Got an interesting newsletter from Peep Laja at Wynter.com this morning, that got me thinking of the marketer’s dilemma.

If a marketer does boring and safe, nobody will object. If they do as it’s always been done. If they use terms like productivity, efficiency, streamlined, best-in-class, seamless. Even when every one at the table has a different understanding and a different experience of what those terms mean, nobody will object. Because who is going to stand up and say “what is productivity?”.

If a marketer does specific and unusual, on the other hand, everyone will panic.

Of course, boring and safe will bring you nowhere, because boring and safe is what 94.97% of companies do. So, the marketer’s dilemma is really between being accepted among their peers in the short term and being well received by the market in the long term.

It is a difficult choice.

Use what you want to run from

Your boss who seems so confident is afraid too.
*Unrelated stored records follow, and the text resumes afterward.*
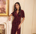 This lovely gown pairs the romance of floral burnout velvet fabric with an elegant full length silhouette. The faux wrap front creates a V-neckline, finishing in an elasticized waist for a comfortable fit. A matching tie belt, soft flutter sleeves and a dramatic side slit complete the look with graceful movement. Timeless sophistication makes this maxi dress the perfect choice for celebrating a special occasion.
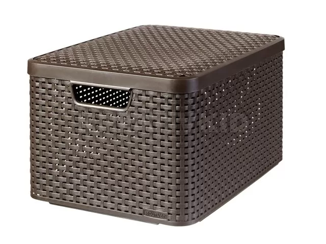 Rattan hatású kosár tetővel, 30l, sötétbarna, CURVER "Style L
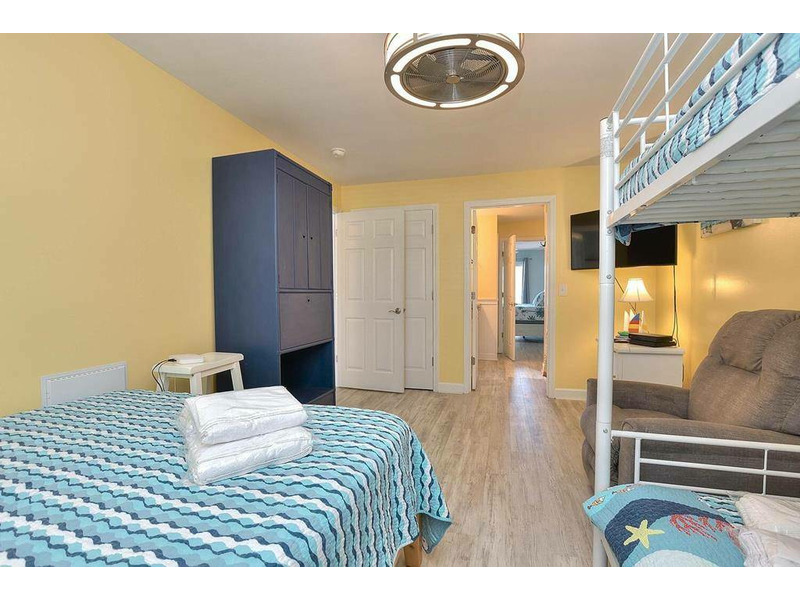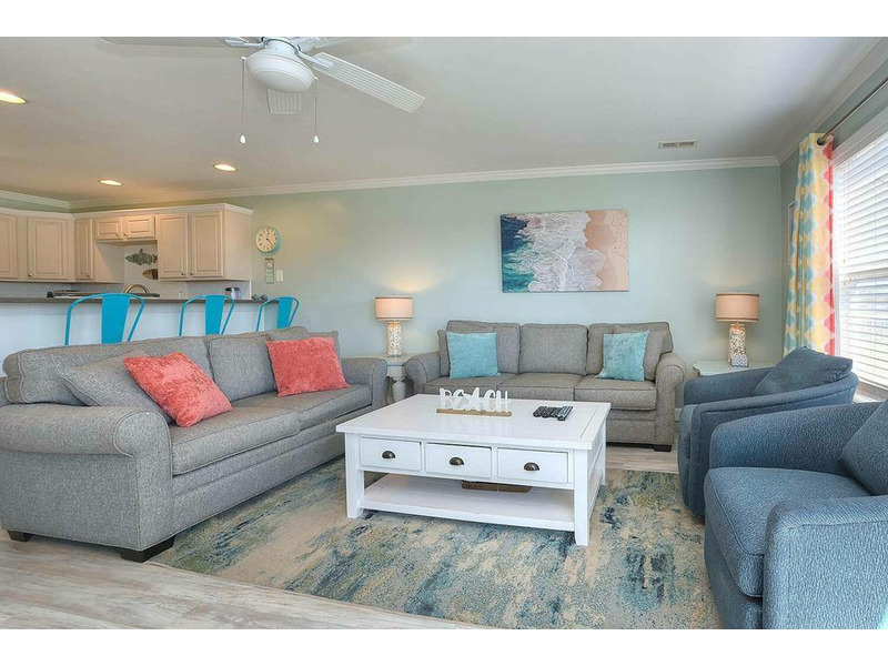 This updated, non smoking condo features a master bedroom with a king bed. Bedroom 2 also has a king bed and bedroom 3 has 1 queen and 1 bunk bed twin over twin, while the living room features 1 double sleeper sofa. Enjoy extended cable on large Samsung TVs. DVD players are located in the great room and the bunk room. Bring your family and friends together in the fully-equipped kitchen to savor a Low Country Boil or take it outside and enjoy the charcoal grills and large outdoor pool. This condo is also dog friendly, so bring up to two of your furry friends (20lbs max).

The colleague who has always something relevant to share is anxious too.

That speaker you love for the way they thrill the audience is nervous too.
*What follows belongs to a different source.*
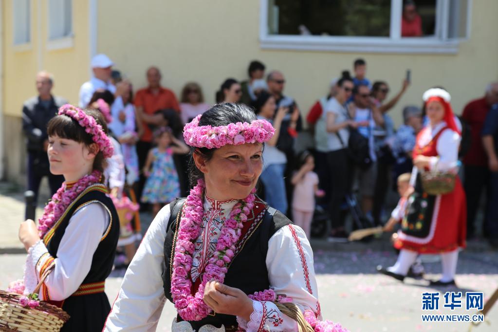 6月6日,在保加利亞卡贊勒克,人們參加玫瑰節(jié)游行。
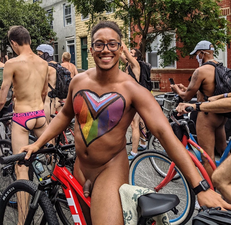 In the above image, a City of London World Naked Bike Ride (WNBR) participant proudly displays his adherence to the WNBR protocol as well as his identity as a bold and confident member of the GLBTQ+ community with his Progress Rainbow flag painted on his chest!

The successful entrepreneur you are reading about is worried too.

The point is not making fear, anxiety, and the like go away. The point is using them to your advantage. Can fear push you to get out of your comfort zone and see what is out there? Can anxiety help you run through different scenarios and find them not as scary as they initially seemed? Can nervousness be the reason why you practice one more time? Can worry fire up a need to consult different perspective without getting stuck?

Make the most of what you have, even when at first it seems like something you just want to run away from.

To mentor

You do not have to be a master to mentor. You do not have to be the best at what you do, neither you need to be an expert in what you do. You might have a passion, but that is just a like most of the time. You might feel competent and knowledgeable, but if you are completely honest that’s probably not how you feel in most cases.

If you believe any of the above is necessary to mentor, you are telling yourself a false story, you are giving up to resistance, you are pushing back something you would genuinely benefit from.

To mentor, you merely need to have experience and to be willing to give it away.

And when that is the case, you can start mentoring now. You will get back everything you put in. And more.

Bad bosses

Do employees quit bad bosses?

As a matter of fact, they do.

And they do quit organizations that provide inadequate training and promotional opportunities, bonuses, and non-cash benefits, that foster (willingly or unwillingly) a negative climate, that assign insignificant tasks, or repetitive tasks, that do not leave enough autonomy, that do not give enough support.

The fact is, there is quite a lot that an organization and its leadership can do to prevent people from leaving. And considering the cost of voluntary turnover, the sooner they get to it, the better.

Discipline and compassion

I love how this article by Brad Stulberg sums up many of my thoughts and beliefs around practice and awareness.

The relationship between self-discipline and self-compassion is reciprocal. One feeds the other and we need to find a way to keep them in balance.

It’s the only way to avoid getting stuck.

It’s the only way to do meaningful work.